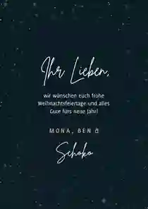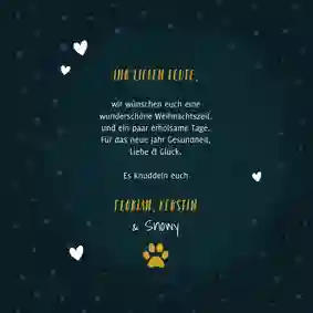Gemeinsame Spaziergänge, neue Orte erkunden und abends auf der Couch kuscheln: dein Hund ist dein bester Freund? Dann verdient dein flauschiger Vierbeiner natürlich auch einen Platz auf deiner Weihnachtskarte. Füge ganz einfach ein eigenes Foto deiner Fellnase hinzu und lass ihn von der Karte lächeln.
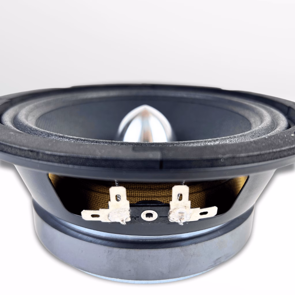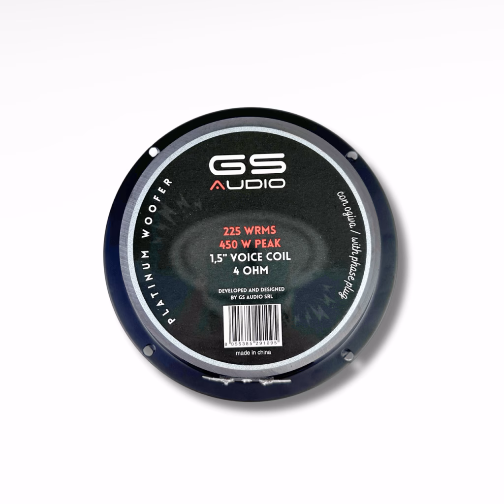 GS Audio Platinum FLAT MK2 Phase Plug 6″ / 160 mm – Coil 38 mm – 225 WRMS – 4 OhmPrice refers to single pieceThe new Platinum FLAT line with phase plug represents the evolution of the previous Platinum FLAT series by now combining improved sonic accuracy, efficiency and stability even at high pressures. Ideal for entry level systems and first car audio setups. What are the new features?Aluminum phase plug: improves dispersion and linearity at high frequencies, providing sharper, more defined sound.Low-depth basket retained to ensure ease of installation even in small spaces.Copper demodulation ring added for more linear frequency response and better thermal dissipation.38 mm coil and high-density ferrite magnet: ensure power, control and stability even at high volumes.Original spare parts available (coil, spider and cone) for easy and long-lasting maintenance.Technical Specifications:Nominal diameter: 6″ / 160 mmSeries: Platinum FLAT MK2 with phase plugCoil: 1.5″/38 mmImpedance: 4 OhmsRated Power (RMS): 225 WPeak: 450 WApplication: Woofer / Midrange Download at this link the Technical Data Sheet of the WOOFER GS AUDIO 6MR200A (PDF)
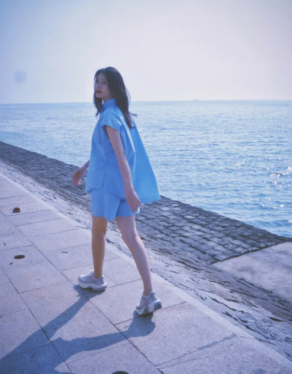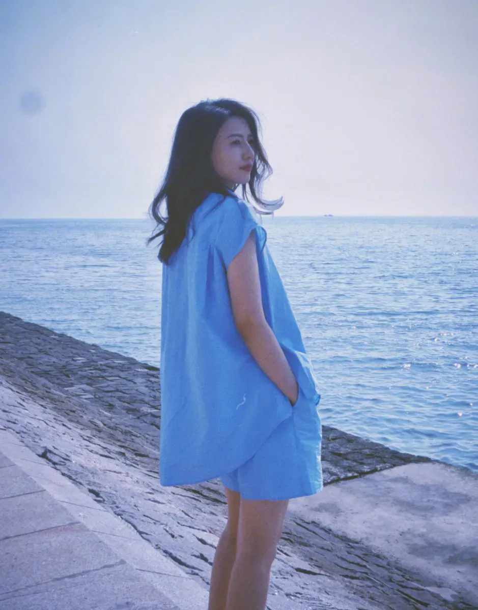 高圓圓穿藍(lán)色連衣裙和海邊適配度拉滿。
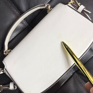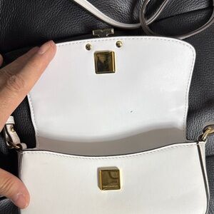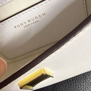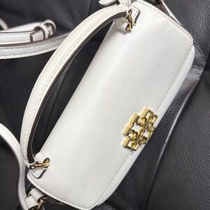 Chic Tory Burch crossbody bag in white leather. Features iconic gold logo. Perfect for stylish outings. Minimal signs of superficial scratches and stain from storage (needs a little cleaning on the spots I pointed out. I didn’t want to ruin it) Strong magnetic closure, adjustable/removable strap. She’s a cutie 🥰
==
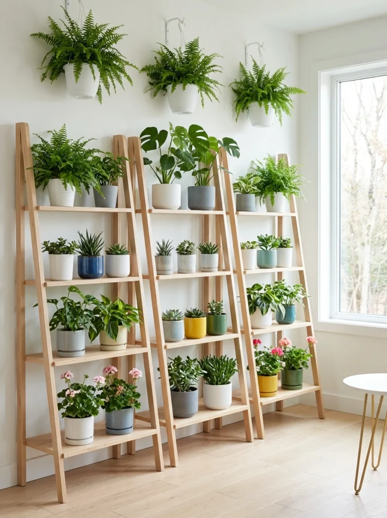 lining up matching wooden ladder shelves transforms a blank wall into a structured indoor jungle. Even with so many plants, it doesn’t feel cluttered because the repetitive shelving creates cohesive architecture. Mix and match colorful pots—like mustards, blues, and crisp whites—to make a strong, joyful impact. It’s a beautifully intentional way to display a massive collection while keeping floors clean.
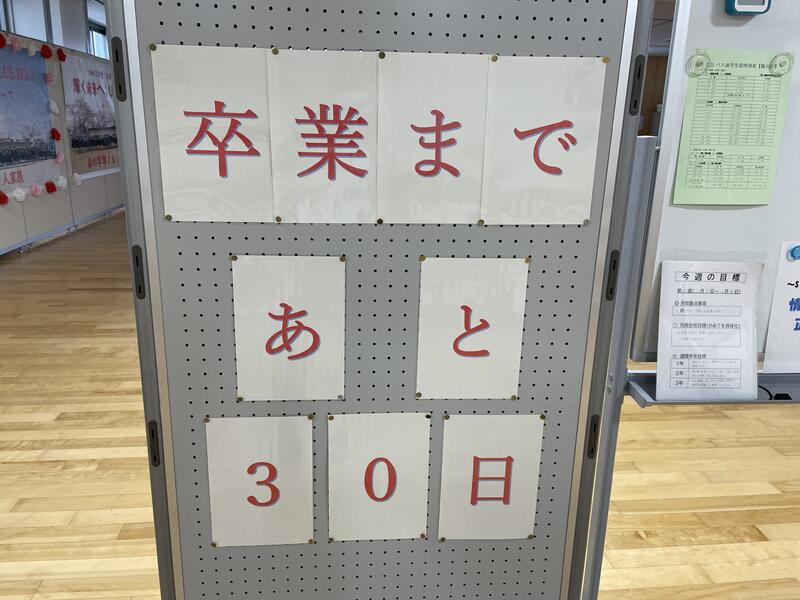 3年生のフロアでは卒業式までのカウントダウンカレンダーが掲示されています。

◆ WORK ORDER: Copy nothing but the lines above that run from the one with "Gemeinsame Spaziergänge, neue" to the one with "高圓圓穿藍(lán)色連衣裙和海邊適配度拉滿。", ends included; pictures stay out.

◆ TASK RESPONSE:
Gemeinsame Spaziergänge, neue Orte erkunden und abends auf der Couch kuscheln: dein Hund ist dein bester Freund? Dann verdient dein flauschiger Vierbeiner natürlich auch einen Platz auf deiner Weihnachtskarte. Füge ganz einfach ein eigenes Foto deiner Fellnase hinzu und lass ihn von der Karte lächeln.
 GS Audio Platinum FLAT MK2 Phase Plug 6″ / 160 mm – Coil 38 mm – 225 WRMS – 4 OhmPrice refers to single pieceThe new Platinum FLAT line with phase plug represents the evolution of the previous Platinum FLAT series by now combining improved sonic accuracy, efficiency and stability even at high pressures. Ideal for entry level systems and first car audio setups. What are the new features?Aluminum phase plug: improves dispersion and linearity at high frequencies, providing sharper, more defined sound.Low-depth basket retained to ensure ease of installation even in small spaces.Copper demodulation ring added for more linear frequency response and better thermal dissipation.38 mm coil and high-density ferrite magnet: ensure power, control and stability even at high volumes.Original spare parts available (coil, spider and cone) for easy and long-lasting maintenance.Technical Specifications:Nominal diameter: 6″ / 160 mmSeries: Platinum FLAT MK2 with phase plugCoil: 1.5″/38 mmImpedance: 4 OhmsRated Power (RMS): 225 WPeak: 450 WApplication: Woofer / Midrange Download at this link the Technical Data Sheet of the WOOFER GS AUDIO 6MR200A (PDF)
 高圓圓穿藍(lán)色連衣裙和海邊適配度拉滿。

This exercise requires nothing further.